Ses conclusions s’appuient sur des entretiens avec des pêcheurs espagnols et sénégalais et sur des recherches antérieures sur la surpêche étrangère.
Le groupe a constaté que 57 % des stocks de poissons du Sénégal sont en voie d’effondrement, les navires étrangers jouant un rôle important dans le déclin des populations. Son analyse a montré que 43,7 % des navires sous licence au Sénégal sont sous contrôle étranger, principalement d’origine espagnole et chinoise. Face à la raréfaction des stocks de poissons, les pêcheurs locaux subissent des pertes de revenus et nombre d’entre eux se tournent vers la migration en dernier recours.

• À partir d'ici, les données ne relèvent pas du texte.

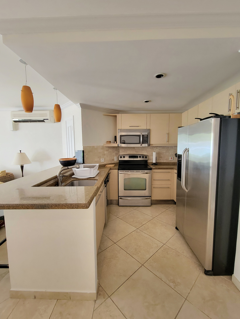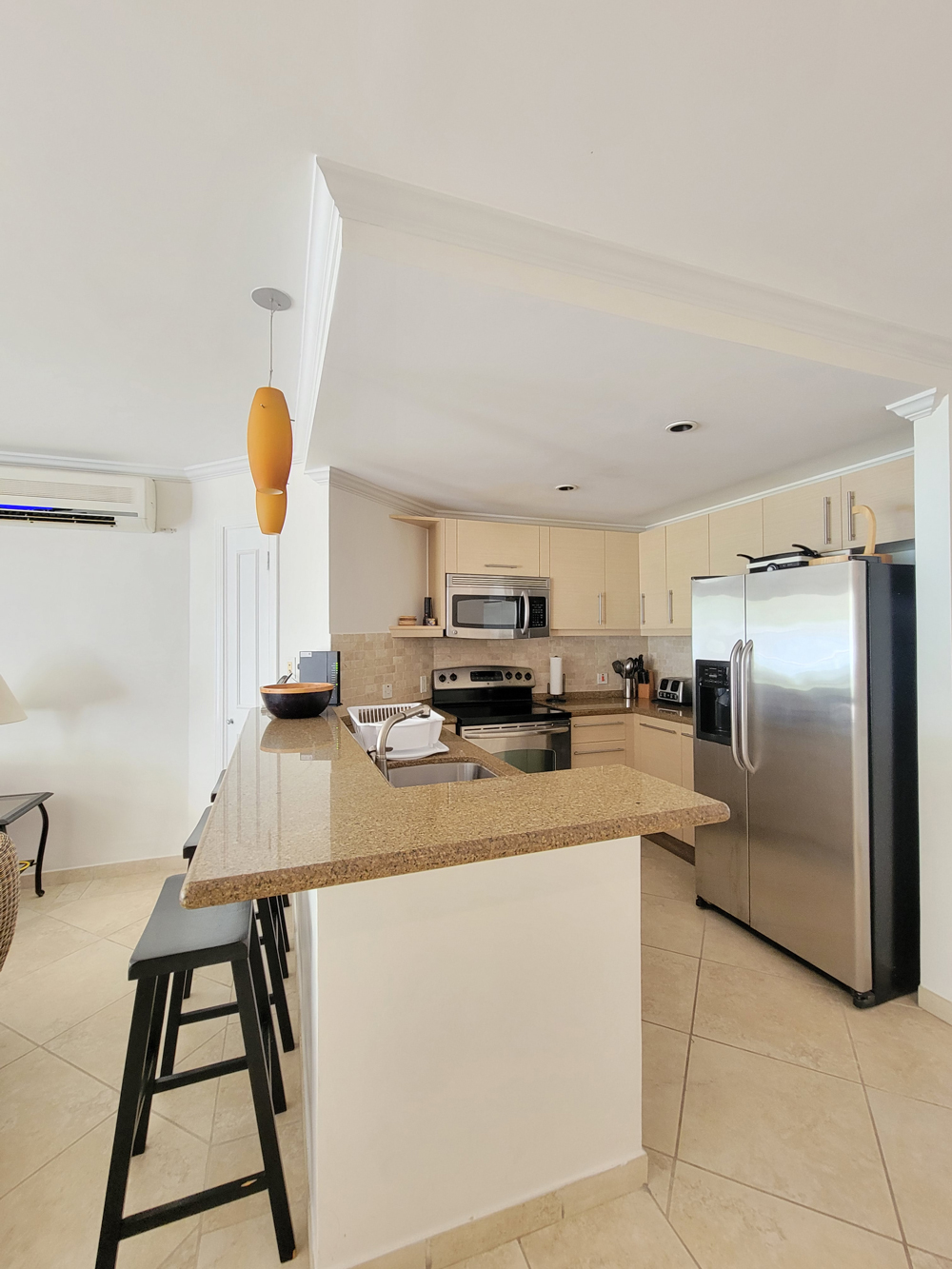 All units are equipped with a full appliance package (washer/dryer included) and include superbly designed Italian kitchens and air-conditioning as well as ceiling fans in all rooms. The finishes are luxurious and show top quality craftsmanship including the granite counter tops and porcelain floor tiles. Most importantly the ocean view from every unit at Sapphire Beach is incredible. The property includes shared amenities such as two large kidney shaped swimming pools (170ft of pools) with boardwalk bridges leading to the beach, an elevator, gated and private driveway and parking facilities and .a state-of-the-art on-site gym with some of the latest fitness equipment and machinery.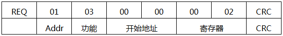①定義defbyte數(shù)組依次拼接地址碼,功能碼,寄存器開(kāi)始地址,寄存器數(shù)量,如表1所示。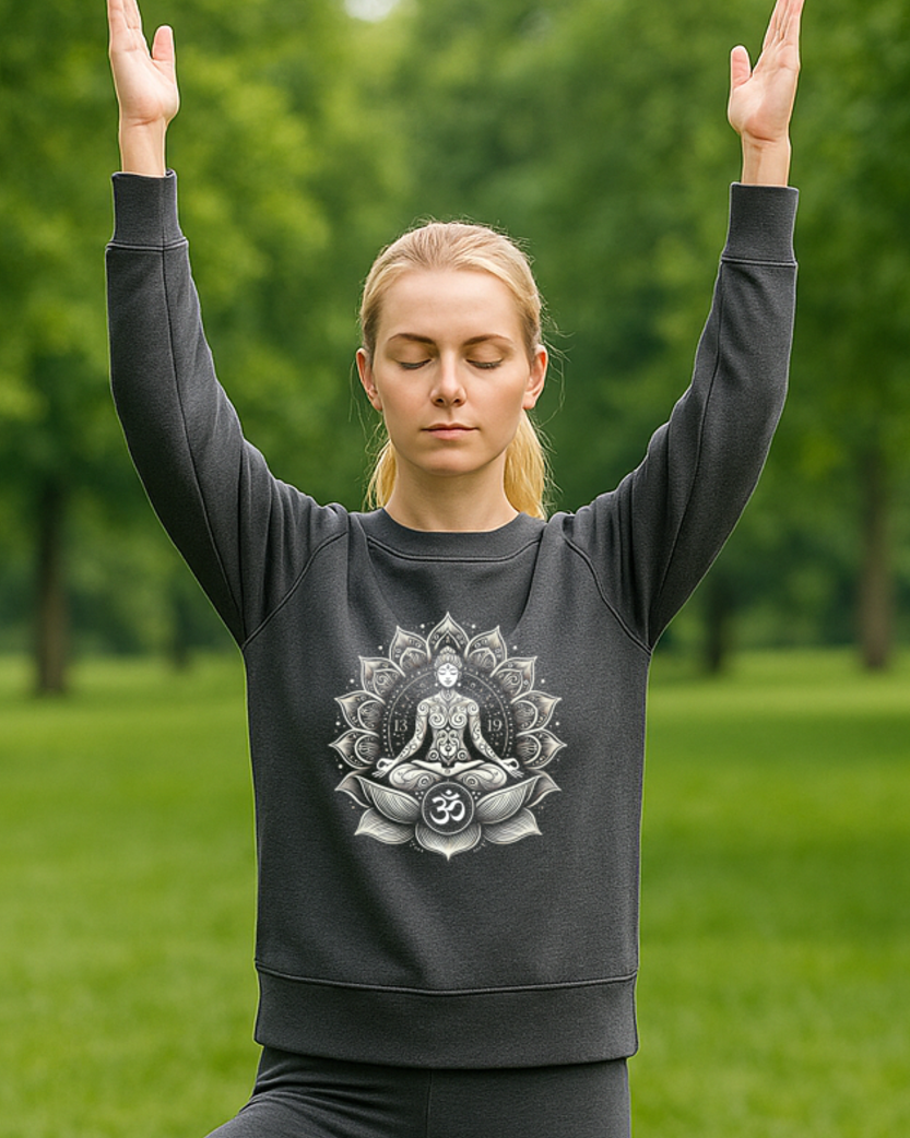 Unsere Yoga Sweatshirts sind angenehm weich, wärmend und bestehen aus 100 % Bio-Baumwolle. Sie werden fair produziert, sind vegan und zertifiziert - für eine bewusste und natürliche Yoga-Praxis. Durch ihren Unisex-Schnitt sind sie vielseitig tragbar und bieten dir Bewegungsfreiheit sowie Komfort. Mit spirituellen Motiven begleiten dich die Sweatshirts achtsam auf deinem Weg - ob im Yoga, in der Meditation oder im Alltag.

La pêche est un secteur économique important au Sénégal, qui emploie 3 % de la population active.
Selon le ministère espagnol de l’Intérieur, la migration irrégulière vers les îles Canaries a presque doublé en 2024, atteignant 46 843. Bien que les chiffres exacts ne soient pas connus en raison du manque d’informations sur les départs d’Afrique de l’Ouest, le Sénégal figure parmi les trois principales nationalités d’arrivées dans les îles espagnoles. La route atlantique reliant l’Afrique de l’Ouest aux îles Canaries est l’une des plus meurtrières au monde.
L’association espagnole de défense des droits des migrants Walking Borders estime que le nombre de victimes s’est élevé à des milliers l’année dernière. Des migrants et d’anciens pêcheurs des îles Canaries ont déclaré à l’Environmental Justice Foundation que le périlleux voyage vers l’Espagne était une solution de dernier recours, un moyen de subvenir aux besoins de leurs familles lorsque la pêche au Sénégal ne leur permettait plus de subvenir à leurs besoins. « Si j’avais pu gagner suffisamment d’argent grâce à la pêche, je ne serais jamais venu en Europe », a déclaré Memedou Racine Seck.
Des militants locaux au Sénégal ont exprimé leur frustration face à la surpêche étrangère et à sa contribution à la crise migratoire. Karim Sall, président d’AGIRE, une organisation sénégalaise opérant dans l’aire marine protégée de Joal-Fadiouth, a condamné les nations étrangères pour leur rôle dans la crise. « Je suis très en colère lorsque [les nations étrangères] se plaignent de l’immigration, car ce sont eux les véritables pirates et ce qu’ils ont fait est pire que l’immigration clandestine.
C’est du vol, du pillage de nos ressources pour nourrir leurs propres habitants pendant que nous souffrons », a déclaré Sall. Les flottes industrielles étrangères, dont beaucoup utilisent des techniques de chalutage de fond, aggravent la crise. Ces navires traînent de lourds filets sur les fonds marins, capturant sans discernement les jeunes poissons et détruisant les écosystèmes marins comme les herbiers et les récifs coralliens, essentiels à la reproduction des poissons. En conséquence, les stocks de poissons ne peuvent se reconstituer, aggravant les difficultés des communautés de pêcheurs et des consommateurs locaux.
Le poisson joue un rôle important dans la sécurité alimentaire au Sénégal, notamment pour la consommation de protéines. En raison du déclin des stocks de poissons, la consommation par habitant au Sénégal est passée de 29 kilogrammes par an à 17,8 kilogrammes par personne. Le rapport a également souligné le manque de transparence des licences de pêche et la gestion inadéquate des pêcheries par le gouvernement comme facteurs contributifs.
Malgré les efforts du gouvernement sénégalais pour remédier à la crise, les experts préviennent que sans une réglementation plus stricte des flottes industrielles étrangères, la situation va empirer. Souleymane Sady, migrant et ancien pêcheur arrivé aux îles Canaries en 2020, a résumé la situation des pêcheurs sénégalais : « Comme le gouvernement ne peut pas réglementer les bateaux et que nous ne pouvons pas travailler normalement, nous choisissons de fuir le pays pour trouver la stabilité », a-t-il déclaré.